Databricks Delta Lake has some use cases, but there are some aspects that are rough around the edges. vacuuming is very slow, the design decision to store partitioned data on disk in folders has certain pros / cons, etc.
There are a lot of great products in the data lake space, but lots more innovation is needed going forward.
> Snowflake and BigQuery are quite expensive for big datasets.
This is just flatly untrue---they are nearly the same cost/TB as object storage, and they store everything in compressed columnarized format, so they're about as efficient as you can get.
I have heard many people make the same claim. I can't figure it out. Is there something wrong with my calculator???

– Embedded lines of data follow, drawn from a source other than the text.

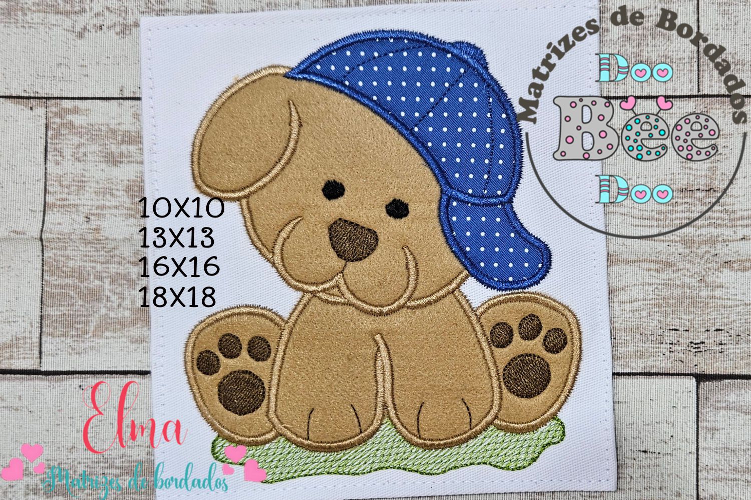 Matriz de Bordado Cachorrinho Sentado com Boné – Aplique
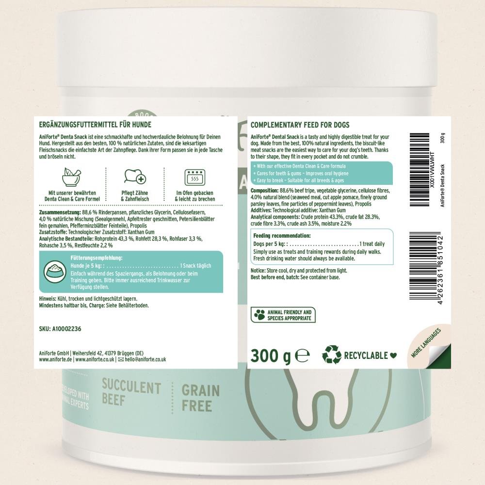 AniForte® Denta-Snacks werden ausschließlich aus den besten, 100 % natürlichen Zutaten hergestellt. Dank ihrer Form passen sie problemlos in jede Hosentasche und zerbröseln nicht. Durch ihre keksartige Konsistenz lassen sie sich leicht portionieren und sind für alle Fellnasen geeignet, egal ob groß oder klein. Die Denta-Snacks sind so konzipiert, dass sie beim Kauen an den Zähnen reiben und so helfen, Plaque und Zahnstein zu entfernen.
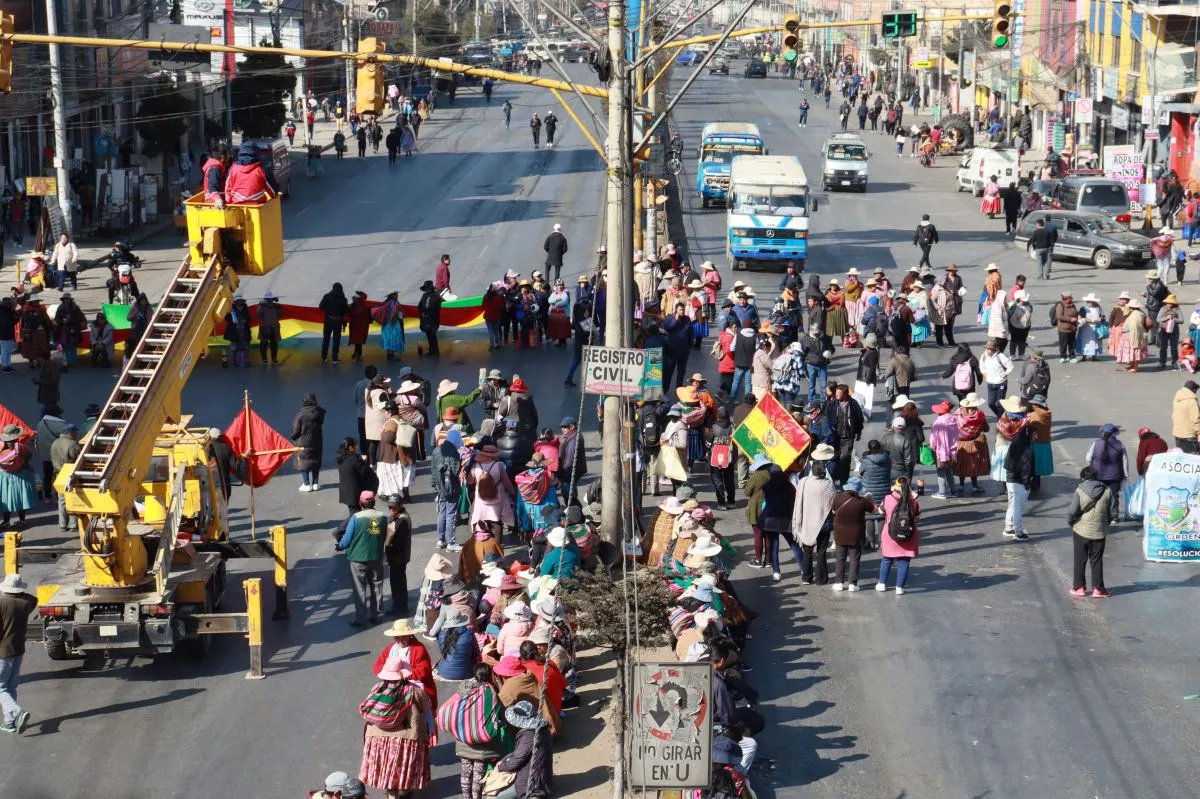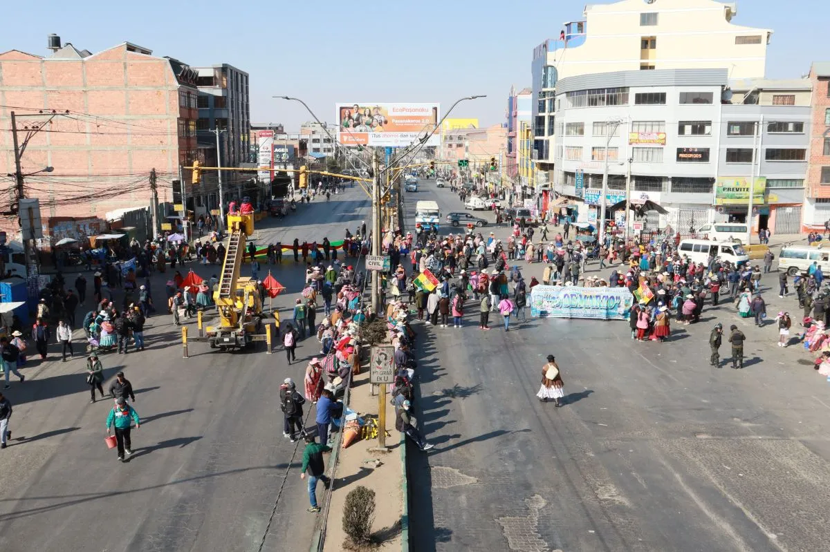 Los gremiales salieron este martes a las calles de varias zonas estratégicas de El Alto, en una protesta por el alza de los precios de la canasta familiar y la escasez de divisas y combustibles. La marcha del sector inició en la zona de la Apacheta y el destino es La Ceja. Entre tanto, hay puntos de bloqueo en distintas vías principales de la urbe alteña.

For sure, but you're not going to fix that by making your own data lake using, for example, Parquet-on-S3. You're still going to pay the cost of compute when you analyze that data, and a well-optimized commercial database system is extremely hard to beat. Even if you look at Presto, and you exclude the people costs of managing it yourself, it still can't beat the commercial systems: https://fivetran.com/blog/warehouse-benchmark
That's because Snowflake happens to charge relatively little for backing storage at the moment. As I recall it's about the same as object storage. Virtual data warehouses on the other hand are quite expensive, especially if they have a lot of compute.
Databricks Delta Lake has some use cases, but there are some aspects that are rough around the edges. vacuuming is very slow, the design decision to store partitioned data on disk in folders has certain pros / cons, etc.
There are a lot of great products in the data lake space, but lots more innovation is needed going forward.